Line Polarization of Si II $\lambda$6355 \AA\ in Type Ia Supernovae: A New Statistical Approach to Probe the Explosion Physics and Diversity

TL;DR

This study uses spectropolarimetry and simulations to analyze the asphericity and explosion physics of Type Ia supernovae, revealing correlations between polarization, velocity, and explosion scenarios, and highlighting diversity and viewing-angle effects.

Contribution

It introduces a new statistical approach combining observations and models to distinguish explosion geometries and diversity in Type Ia supernovae.

Findings

Higher Si II velocities correlate with stronger asphericities.

Transitional and faint SNe Ia show high polarization, explained by Class I scenarios.

Subluminous SNe Ia are dominated by Class II asphericities with lower polarization.

Abstract

Spectropolarimetry provides a unique probe of ejecta asphericities, offering direct insights into the underlying explosion physics of Type Ia supernovae (SNe Ia). We analyze the statistical properties of pre-maximum spectropolarimetric data for 24 SNe Ia observed with VLT/FORS, focusing on the Si II $\lambda$6355 \AA line.
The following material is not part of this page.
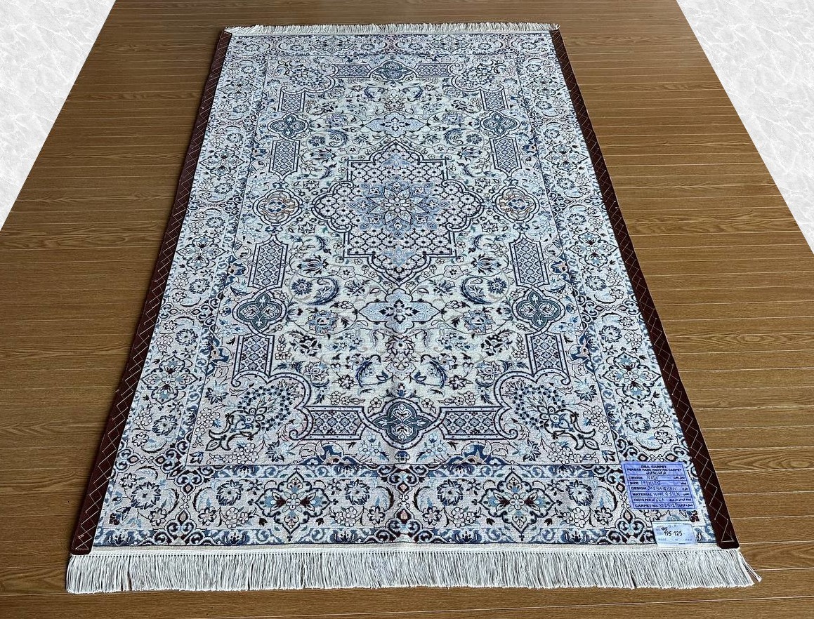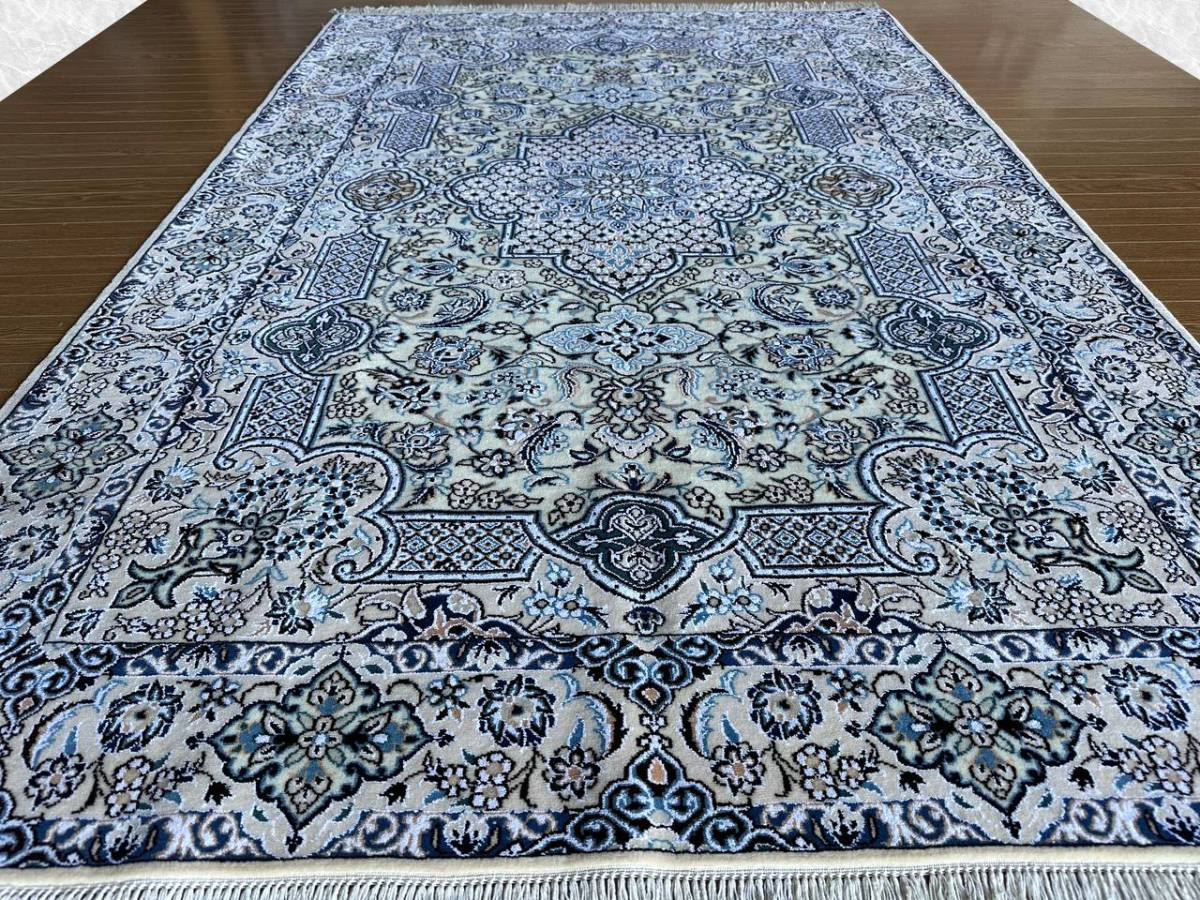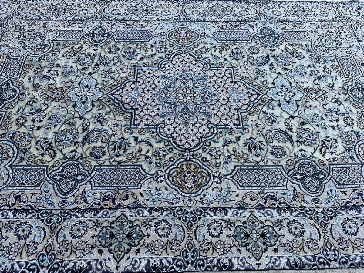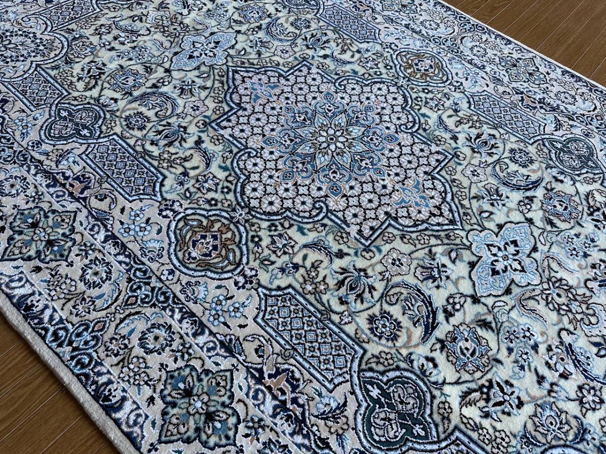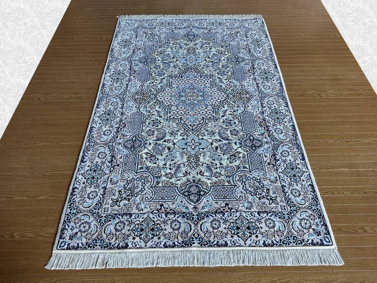 商品説明 | ★素材 : ウール&シルク・手織り/6LA ★サイズ : 約 197×128 cm (房を含まない長さです) ★厚み: 約 0.7 cm ★産地 : イラン・ナイン産 ※JOSHAGHANデザイン ★状態 : 新品 ナインはイラン中央部、イスファハンの北東部郊外に位置するオアシス都市です。1920年代よりイスファハンの影響を受けてペルシャ絨毯の生産が始まった、絨毯の5大主要産地の中ではクムに次ぐ新興の町です。 同じ新興の絨毯産地であるクムとは反対に、正当派好みの落ち着いた古典的なデザインが主流で、中央にアラベスクと花のモチーフと一緒になったオーソドックスなメダリオン柄が中心です。またベージュ(アイボリー)基調の色彩が多く、その他に濃紺・クリーム・白・赤・緑色等の限定された色彩による配色で、色数を敢て抑えた上品なものが特徴です。 織りはペルシャ結びで、グレードは、たて糸の撚り本数により、4La、6La、9Laに分類されます。(「La」は、ペルシア語で「層」を意味しています。)たて糸の撚りの本数が少ないほど織りが細かくなり、ハイグレードになります。 kxpgs342+ZIBACARPET絨毯 kxpgs342+ZIBACARPET取扱いペルシャ絨毯 FARSHEZIBAペルシャ絨毯_NAIN |

Previous studies have revealed a correlation between the peak Si II polarization degree and the expansion velocity. Here, we combine these observations with multi-dimensional non-LTE radiative transfer simulations. We consider two asphericity classes: (i) lopsided abundance distributions produced by off-center delayed-detonation transitions in near-$M_{Ch}$ white dwarfs or, for example, WD collisions (Class I), and (ii) global, axisymmetric density asphericities such as those arising from explosions of rapidly rotating WDs or mergers (Class II). Our model grid spans normal to subluminous SNe Ia and successfully reproduces the observed Si II velocity-polarization trend, with higher velocities associated with stronger asphericities. Consistent with observations, transitional SNe Ia and the faint end of the normal SNe Ia population show the highest Si II polarization and are best explained by Class I scenarios. In contrast, subluminous SNe Ia are dominated by Class II asphericities, characterized by lower Si II polarization but significant continuum polarization. The observed distribution of Si II polarization depends on both the observer's viewing angle $\theta$ and the intrinsic asphericity. Statistical analysis of these spectropolarimetric snapshots enables the separation of Class I and Class II contributions and highlights the intrinsic diversity among SNe Ia. Our results imply viewing-angle-dependent luminosities in our local sample, which may have implications when using high-redshift SNe Ia as evidence for the need of non-standard cosmology.